On the same day that Steve Baker was taken into custody, J. Michael Waller of the Center for Security Policy posted CSPAN footage of Senator Ted Cruz’s January 11, 2022, grilling of the FBI’s Jill Sanborn on FBI involvement on January 6. Waller observed: “Two years have passed & the @FBI still can’t say ‘no’ in response to these question. ‘Did any FBI agents or confidential informants commit crimes of violence on January 6?’ ‘Did any FBI agents or FBI informants actively encourage and incite crimes of violence on January 6?’”
While journalists like to talk about taking on abuses of government power, it is Herridge and Baker who have actually done so. And they are being persecuted and even prosecuted for doing so. That this is happening under the Biden Administration is no surprise, for it was well known that Biden’s former (and likely current) boss Barack Obama, and not Donald Trump, was the real enemy of a free press. Even the New York Times had published articles such as Albert R. Hunt’s 2014 piece “Under Obama, a Chill on Press Freedom,” in which the author stated that “the administration has prosecuted more whistle-blowers for leaks and gone after more journalists than any of its predecessors.”
Hunt actually put his finger on something important, which is significant for the current cases. He quoted unnamed “insiders” who attributed the administration’s action to “the pressure of the powerful national security apparatus and the fear among Obama aides that the president could face the wrath of the intelligence community if he fails to act tough.” Obama may well have ridden the deep state beast, but it was not clear that, in the end, he held the reins.
What is most frightening about the current attacks on journalists is not simply that a presidential administration might be using law enforcement to punish political enemies and limit speech. What is most frightening is that we have an administrative state and government agencies that seem to rank above the president. For all the Democratic blather about threats to “our Democracy,” the reality is that our democratically elected officials don’t seem to wield much power.
Whatever his failures in his first term, Donald Trump took on that unseen and unelected government power.

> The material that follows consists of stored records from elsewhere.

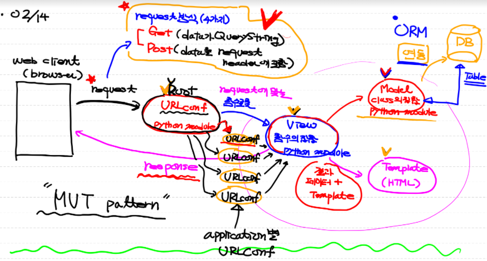 7. Root URLConf 안에서 모든 URL을 다 처리할 수 없기 때문에, 각 application에 대한 URL을 배정해줘야 함↓
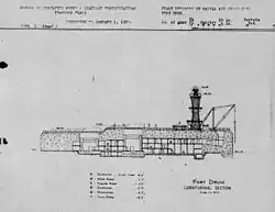 Overhead protection of the fort was provided by a 20-foot (6.1 m) thick steel-reinforced concrete deck.[10] The exterior walls ranged between approximately 25 to 36 ft (7.6 to 11.0 m) thick, making it virtually impregnable to enemy naval attack.[11]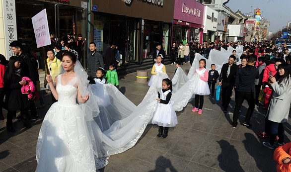 فوجئ أهالي قرية جينان الصينية بعارضة أزياء تتجول في شوارع قريتهم الواقعة شرقي مقاطعة شان دونج بفستان زفاف عليه أطول طرحة عروسة في العالم، ويبلغ طولها 331 قدما.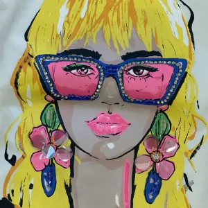 Felpa in cotone garzato con stampa e applicazioni di peli e e paillettes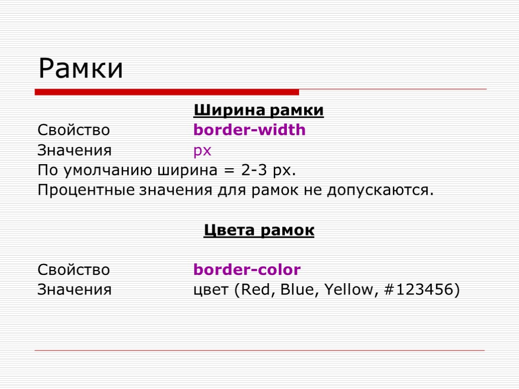 Рамки Ширина рамки Свойство border-width Значения px По умолчанию ширина = 2-3 px. Процентные значения для рамок не допускаются. Цвета рамок Свойство border-color Значения цвет (Red, Blue, Yellow, #123456)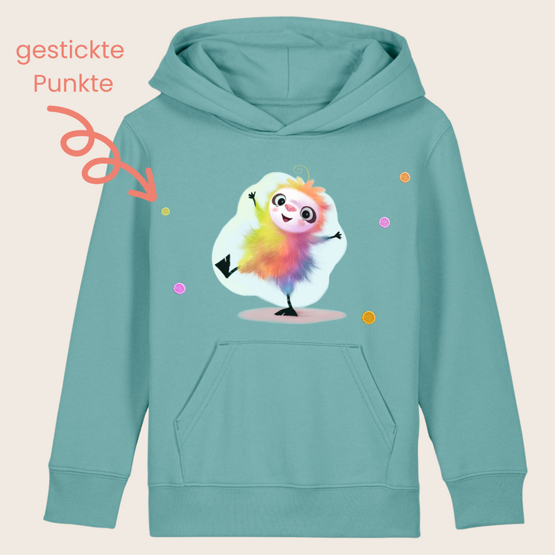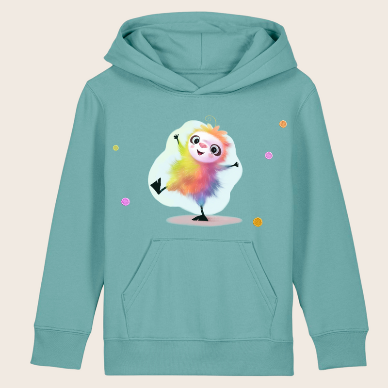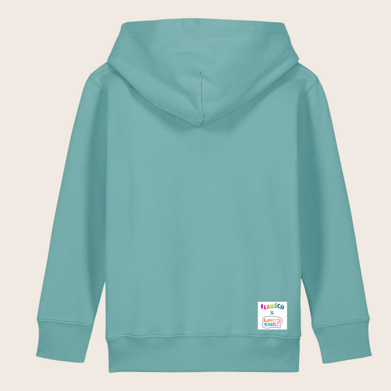 Mit dem türkisen Hoodie wird die Welt von Flausch Teil des täglichen Lebens Eures Kindes. Es trägt die liebevollen Botschaften des Buches mit sich und wird darin bestärkt, dass es genau richtig ist, so wie es ist.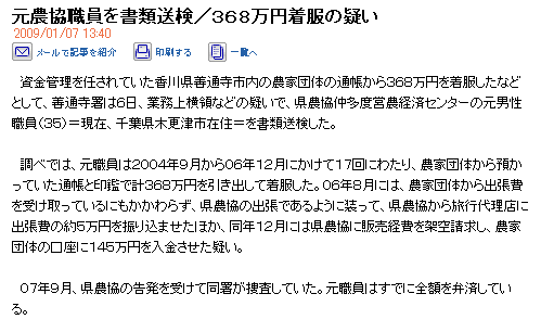 元農協職員を書類送検/368万円着服の疑い 2009/01/07 13:40

And Chuck Schumer famously warned him not to. “Let me tell you, you take on the intelligence community, they have six ways from Sunday at getting back at you.” Unlike Barack Obama, Trump did not knuckle under. And we know the rest of the story: the Russian Collusion Fraud, the massive government-tech censorship activity in anticipation of the 2020 campaigns, and the continuing use of DOJ power to get rid of him.
Benjamin Franklin famously responded to a question about whether the new country was a republic or a monarchy with the line, “A republic, if you can keep it.” The difficulty of our day is that we are having a hard time keeping that republican form of government. Right now, we are having a difficult time keeping one of the essential elements of that republic, the free press.
Journalists and liberals may like Obama and Biden. But if they don’t want democracy to “die in darkness,” as the Washington Post’s pretentious tagline has it, they had better start fighting back against the attacks on Catherine Herridge, Steve Baker, and all of us.